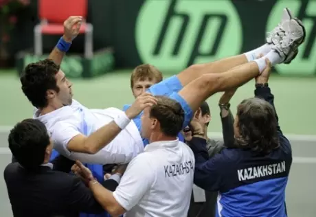 Сборная Казахстана по теннису впервые в истории пробилась в Мировую группу Кубка Дэвиса, сообщается на официальном сайте соревнований. Андрей Голубев и Михаил Кукушкин вышли в четвертьфинал. Они обыграли чешских теннисистов Яна Хайека и Томаша Бердыха со счетом 3:2. Победное очко команде принес Кукушкин, обыгравший Хайека со счетом 6:4, 6:7 (4:7), 7:6 (10:8), 6:0. В 1/4 Казахстан сыграет с Аргентиной.
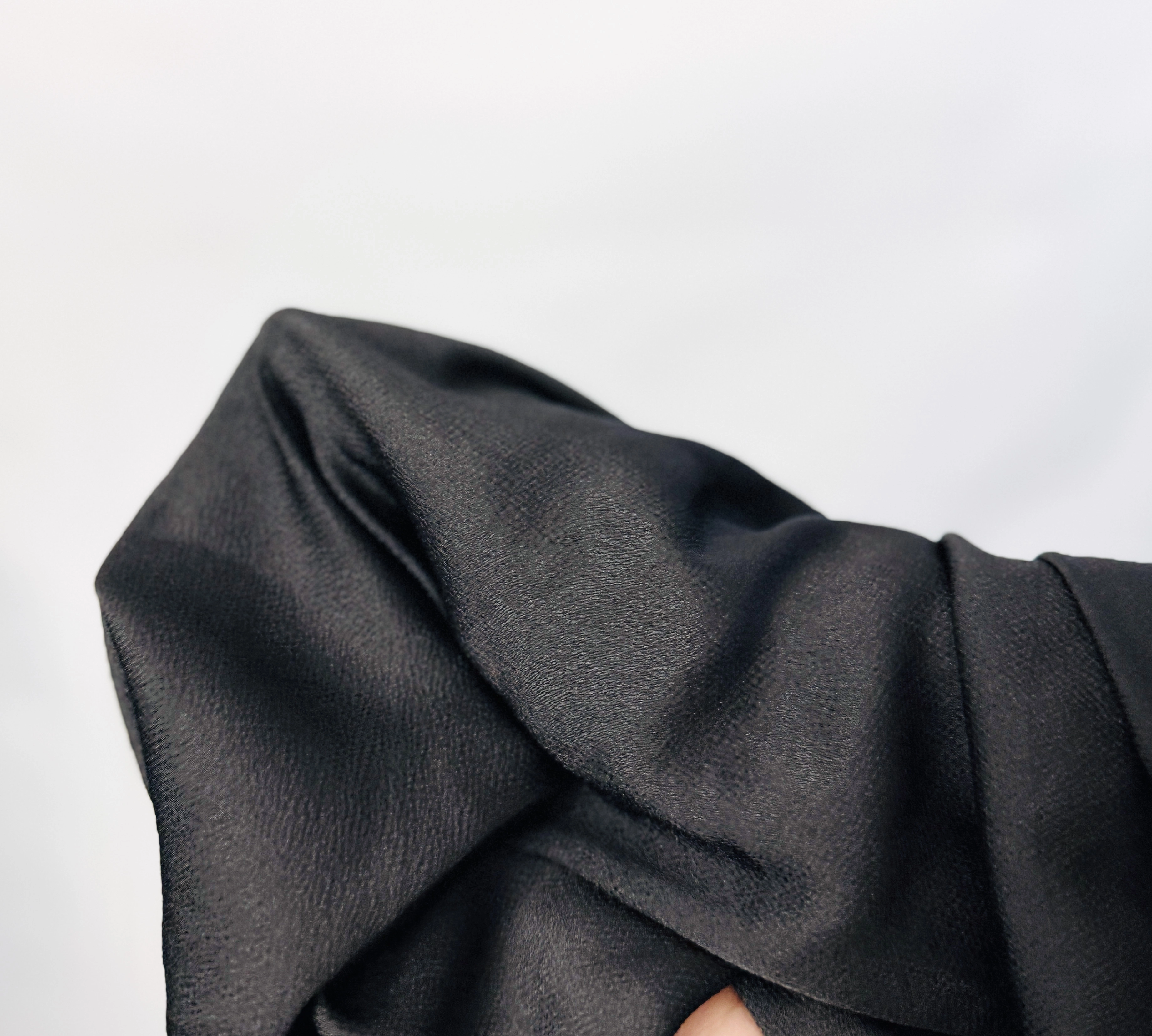 Materiał prezentuje się jako gładki i delikatnie lejący, o satynowym połysku, który subtelnie reaguje na światło, nadając powierzchni eleganckiego blasku bez efektu przesady. Tkanina układa się miękko, tworząc ładne, falujące linie przy rękawach i tułowiu, co dodaje ubraniu lekkości i dynamiki. Poziom połysku sprawia, że bluzka świetnie sprawdzi się w zestawieniach wymagających eleganckiego wykończenia, a jednocześnie materiał pozostaje wystarczająco stonowany, by pasować do codziennych kombinacji.
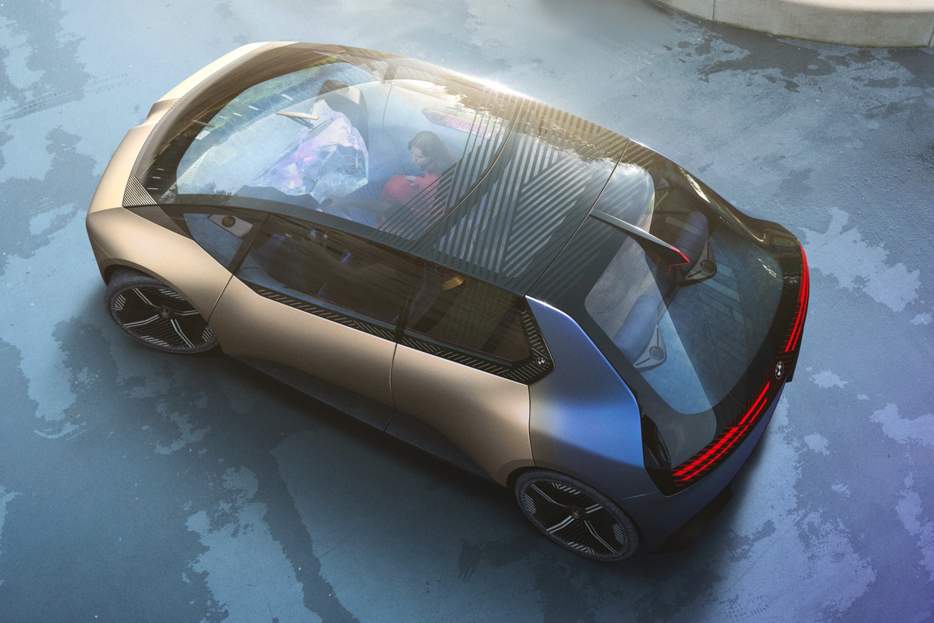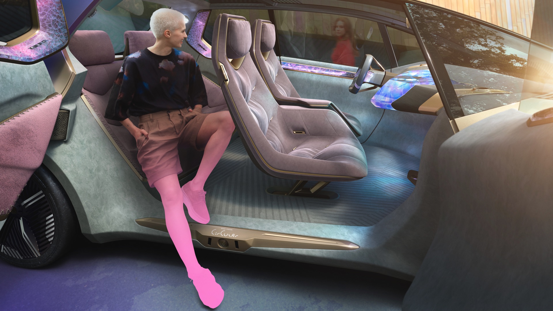 Seinen kompakten Abmessungen zum Trotz soll der Innenraum des BMW i Vision Circular an das Platzangebot heutiger Luxusklasse-Fahrzeuge erinnern. Möglich wird das natürlich auch durch den Elektroantrieb, der wesentlich weniger Platz in Anspruch nimmt als ein konventioneller Antrieb. Untypisch und innovativ ist der Ansatz, im Innenraum praktisch vollständig auf Klebstoffe zu verzichten: Wenn verschiedene Materialien verbunden werden sollen, kommen smarte und wieder lösbare Verbindungen zum Einsatz. Dieser Ansatz macht eine spätere Demontage und ein Recycling der Einzelmaterialien wesentlich einfacher.
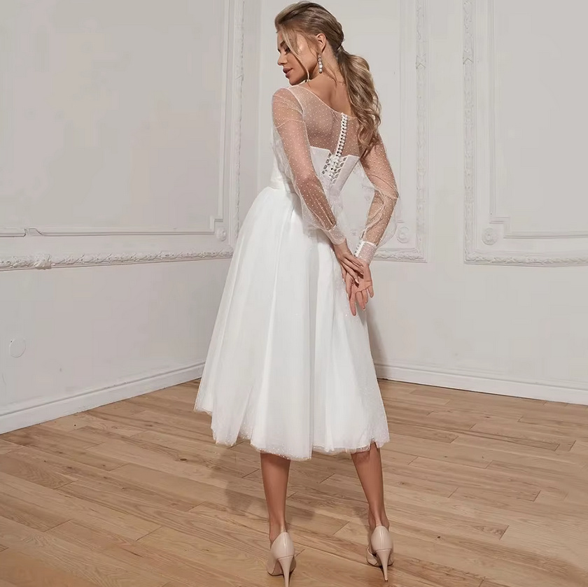 Vintage style wedding dress Gabriele calf-length with tulle sleeves
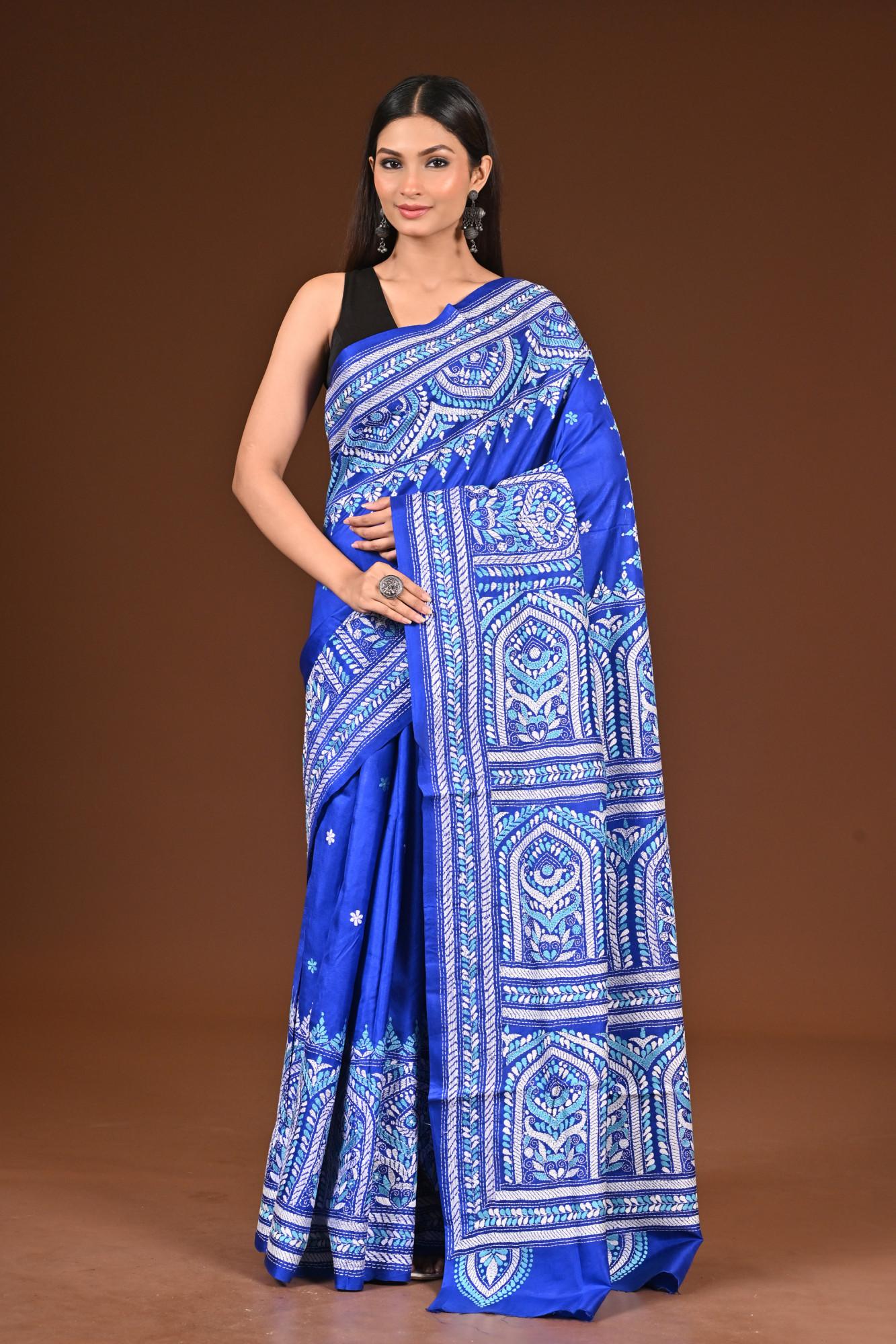 Zari : A pure silk Kantha saree is a luxurious handwoven saree made entirely from high-quality silk, featuring the traditional Kantha embroidery from Bengal. Known for its rich texture and natural sheen, the saree is adorned with intricate, hand-stitched patterns—often floral, folk, or narrative designs—created using fine running stitches. Elegant and timeless, it’s a perfect blend of heritage craftsmanship and sophistication, ideal for special occasions.
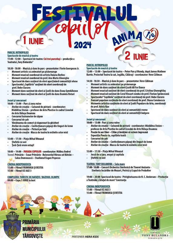 Orchestra Simfonică de Tineret „Andante” vă invită duminică, 2 iunie, începând cu ora 17.00, în Sala Mare a Teatrului Tony Bulandra din Târgoviște, pentru un concert dedicat Zilei Copilului, concert inclus în programul Festivalului Copiilor organizat de Primăria Municipiului Târgoviște și Teatrul Tony Bulandra Târgovişte.
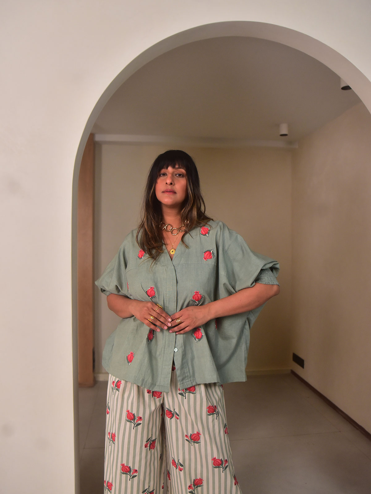 This oversized shirt is crafted in green dyed cotton linen and elevated with handcrafted pomegranate motif appliqués. Designed with a V-neckline, button-down front, and 3/4th length kimono sleeves finished with smocked cuffs, it offers a relaxed yet artisanal feel. Perfect for creative workdays, casual outings, or travel. Pair it with flared pants in green stripes printed cotton for a statement co-ord look.
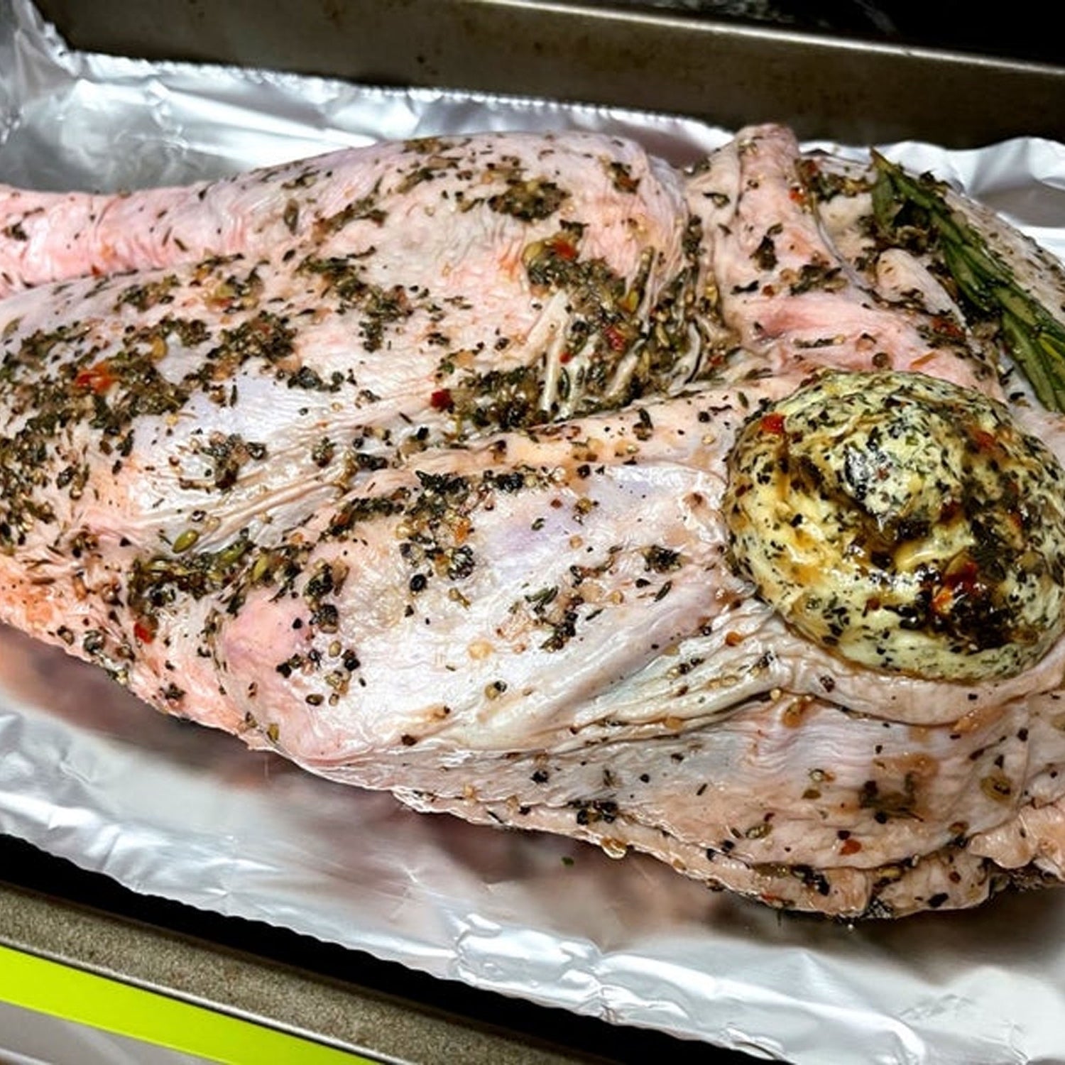 - Herb butter made with garlic, lemon juice, basil, and parsley for moisture.
────
(Exercise directions): Copy out exactly the lines that begin at the line with "Zari : A pure" and end at the final line of the entries above. Leave out the pictures.

(Answer for this exercise):
 Zari : A pure silk Kantha saree is a luxurious handwoven saree made entirely from high-quality silk, featuring the traditional Kantha embroidery from Bengal. Known for its rich texture and natural sheen, the saree is adorned with intricate, hand-stitched patterns—often floral, folk, or narrative designs—created using fine running stitches. Elegant and timeless, it’s a perfect blend of heritage craftsmanship and sophistication, ideal for special occasions.
 Orchestra Simfonică de Tineret „Andante” vă invită duminică, 2 iunie, începând cu ora 17.00, în Sala Mare a Teatrului Tony Bulandra din Târgoviște, pentru un concert dedicat Zilei Copilului, concert inclus în programul Festivalului Copiilor organizat de Primăria Municipiului Târgoviște și Teatrul Tony Bulandra Târgovişte.
 This oversized shirt is crafted in green dyed cotton linen and elevated with handcrafted pomegranate motif appliqués. Designed with a V-neckline, button-down front, and 3/4th length kimono sleeves finished with smocked cuffs, it offers a relaxed yet artisanal feel. Perfect for creative workdays, casual outings, or travel. Pair it with flared pants in green stripes printed cotton for a statement co-ord look.
 - Herb butter made with garlic, lemon juice, basil, and parsley for moisture.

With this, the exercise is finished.